In their latest project, architecture collective Parasite 2.0 generates a point of convergence for Paolo Sarpi's distinct ethnic groups, whose film cultures share a highly developed aesthetic iconology.
It is a curious quality of ostensibly progressive urban design and regeneration that its most vehement support is often motivated by social conservatism. The phenomenon of New Urbanism, arguably one of the better-received design movements in the recent past, exemplifies a yearning for “the way things were”, organising technically unremarkable buildings in master plans based on traditional living arrangements — which have little to do with the contemporary mechanisms of inhabitation, from modes of transportation to patterns of consumption.
Over the past decade, these conflicting tendencies have shaped one of Milan’s most unique districts, Via Paolo Sarpi — the Chinatown of Italy’s economic stronghold. This street and its surrounding neighbourhood, comprising one of the oldest commercial zones in the city, have since the 1920s absorbed the influx of tens of thousands of Chinese immigrants, many establishing their own businesses, originally in textiles (still visible in the high concentration of clothing shops). At the same time, the area has retained a predominantly Italian residential population (95% of the total, according to local association Vivisarpi), creating an uncanny and uneasy ethnic stratification between the ground floor and the flats above.
Walking down the street on the occasion of Arte in Sarpi, a festival of 90 contemporary artists hosted by 80 local businesses and curated by Rossella Farinotti, one can interpret the form and activity of the street as the complex outcome of the last decade’s racial and socioeconomic tensions. Once thronged with delivery vans serving the area’s many Chinese wholesalers, Via Paolo Sarpi was pedestrianised on 9 April 2011, in part because of the residents’ protests that living conditions had become untenable (at least by Milanese standards). Yet this urban transformation has by no means tranquilised the street, in which a marked dynamism of activities, foot traffic, and commercial exchanges still take place in spite of the nation’s increasingly bleak economic outlook.

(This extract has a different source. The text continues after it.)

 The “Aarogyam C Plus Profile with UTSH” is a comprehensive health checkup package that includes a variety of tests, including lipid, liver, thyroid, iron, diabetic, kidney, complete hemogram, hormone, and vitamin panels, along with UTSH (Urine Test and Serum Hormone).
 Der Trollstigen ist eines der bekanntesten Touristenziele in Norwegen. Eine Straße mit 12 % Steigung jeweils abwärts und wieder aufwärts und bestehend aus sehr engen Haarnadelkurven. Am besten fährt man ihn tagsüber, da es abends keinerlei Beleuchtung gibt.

If anything, the recent history of Paolo Sarpi demonstrates the rapid resilience of human behaviour in the face of slow-moving, largely static architecture. The Chinese entrepreneurs have simply adapted — as they did in World War II, switching their production from silk to leather to satisfy the army's demand for equipment — responding to the automobile ban by adopting modified bicycles, equipped with racks to move boxes efficiently. While the pedestrianisation of Paolo Sarpi may have failed to check the wholesale economy in the area, it does reveal a simple underlying desire for a healthy communal street life, regardless of ethnic origins. Perhaps the real problem is the asynchronicity between an enduring human need for sociality and the mostly anachronistic images of how it might appear.

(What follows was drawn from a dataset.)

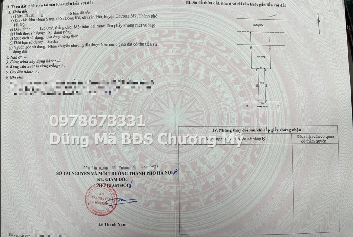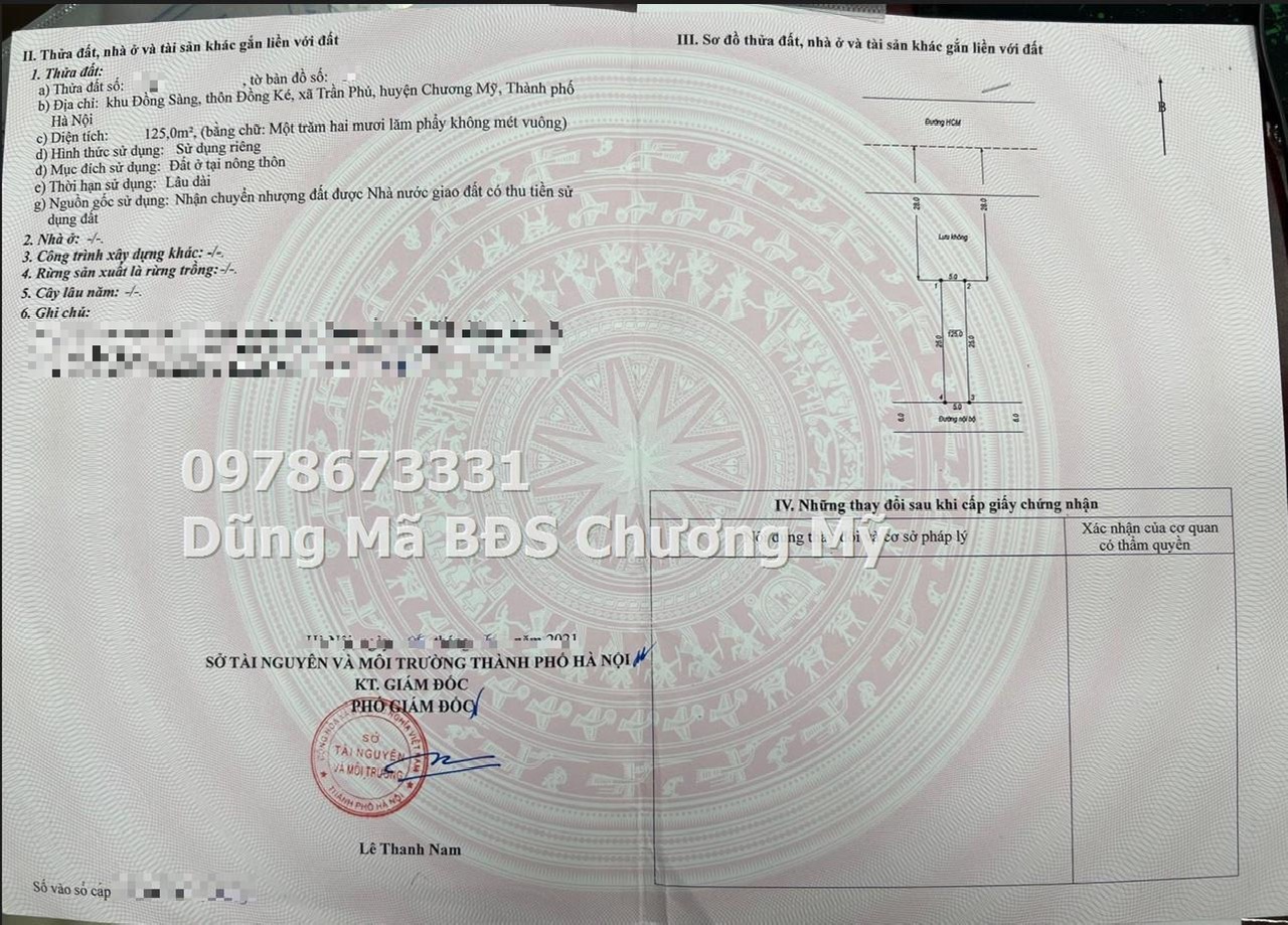 – Diện tích : 125m2 , full thổ cư – Mặt tiền 5m = hậu vuông vắn – ĐƯờng trước đất rộng 6m ô tô tránh nhau – Vị trí: Trần Phú, Chương Mỹ, Hà Nội – Đường rộng ô tô vào tận nhà

As part of Arte in Sarpi, the young Milan-based architecture collective Parasite 2.0 have assimilated this intricate web of social and architectural pressures in their latest project, the Mobile Cinema. On a modified bicycle frame, the group have mounted a large projection box, complete with a theatrical Mylar curtain and light-up marquee in Chinese and English. Occupying the oddly intimate pockets of space between the outdoor café structures on Paolo Sarpi, the Mobile Cinema invites passersby to gather for a film programme of classic Italian and Chinese films with complementary subtitles, from Vittorio De Sica's Bicycle Thieves (1948) to Zhang Yimou's Raise the Red Lantern (1991).

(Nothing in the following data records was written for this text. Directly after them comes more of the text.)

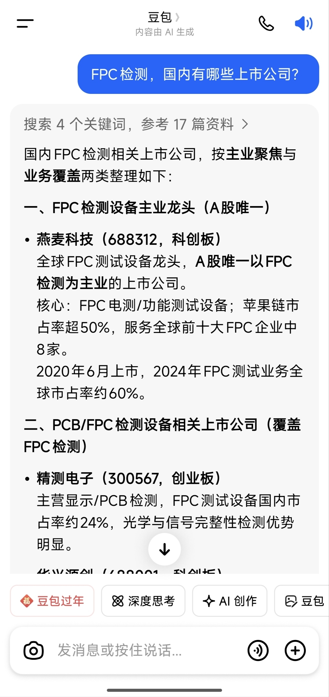 搜了豆包和百度文心,燕麦有这个潜力??谁深入研究过的朋友给分析一下燕麦在FPC检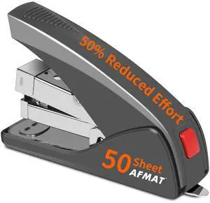 Effortless Stapler for Desk, 50 Sheet Desktop Stapler, Ergonomic Office Staplers, One Finger Touch Stapling, Built-in Remover, Portable & Space Save Size, Good for Home & Office ES10(Gray)- Type: Heavy Duty Hole Punchers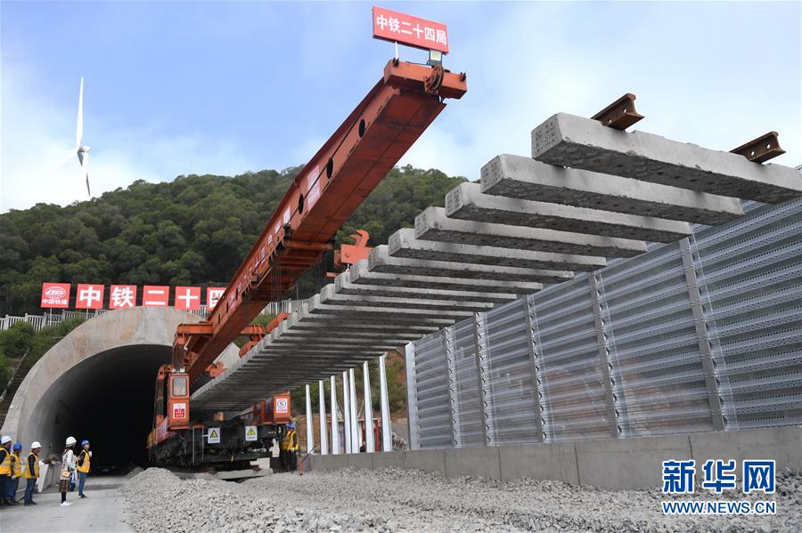 12月22日,中鐵二十四局工作人員在平潭海峽公鐵大橋鋪軌施工現(xiàn)場進(jìn)行鋪軌作業(yè)。當(dāng)日,總長為16.34公里的福平鐵路平潭海峽公鐵大橋鋪軌正式啟動。平潭海峽公鐵大橋是福州至平潭鐵路控制性工程,上層設(shè)計為時速100公里的六車道高速公路,下層為設(shè)計時速200公里的高鐵,大橋計劃2020年正式通車。新華社記者林善傳攝
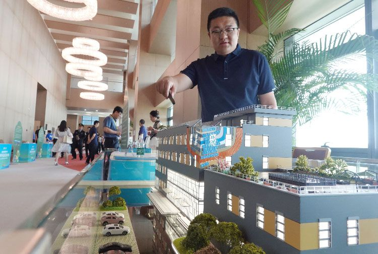 工作人员展示大兴机场综保区及周边非保区能源中心生产调度楼模型,该建筑为近零能耗、零碳绿建三星标准建筑。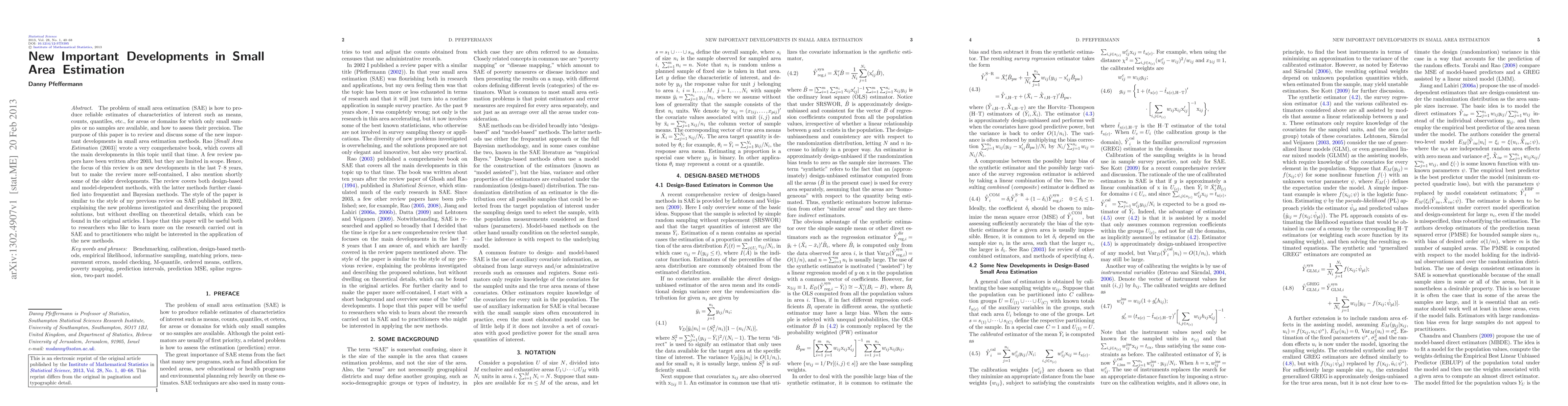 This paper reviews recent developments in small area estimation methods, covering design-based and model-dependent approaches, and highlights new solutions for reliable estimates of characteristics from limited data.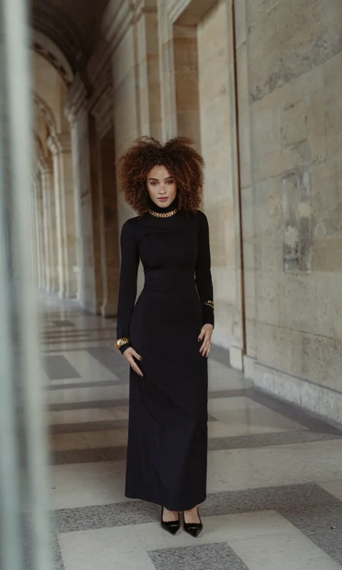 Fabric Material Description: 47% Cotton, 47% Lycra, 06% Elastane Sophisticated full-length form-fitting dress with long sleeves, crafted for those seeking to accentuate their uniqueness. Featuring…Dress Sensual Jersey

In this makeshift theatre, Parasite 2.0 brings together the ad-hoc resourcefulness of the local wholesalers, the communal gravitation of treasured cultural vestiges, and a blend of differing attitudes towards urban space. The Mobile Cinema generates a point of convergence for Paolo Sarpi's mostly distinct ethnic groups, whose film cultures nevertheless share a highly developed aesthetic iconology. However, it demands from its audiences a degree of flexibility in the experience of the spectacle; indeed, it encourages the behaviour of sitting on the pavement in public. With the Mobile Cinema, Parasite 2.0 are pointing to a new syntax of social and spatial interaction on Via Paolo Sarpi, whose charged, dynamic context does not resemble "the way things were" — and that may be its greatest potential. Tamar Shafrir (@tamars)
Mobile Cinema was built courtesy of the open workshop of BRIChECO at Stecca degli Artigiani. Mobile Cinema will screen Raise the Red Lantern on Friday, 17 May, at 20:00. Arte in Sarpi continues until 18 May in Via Paolo Sarpi, Milan.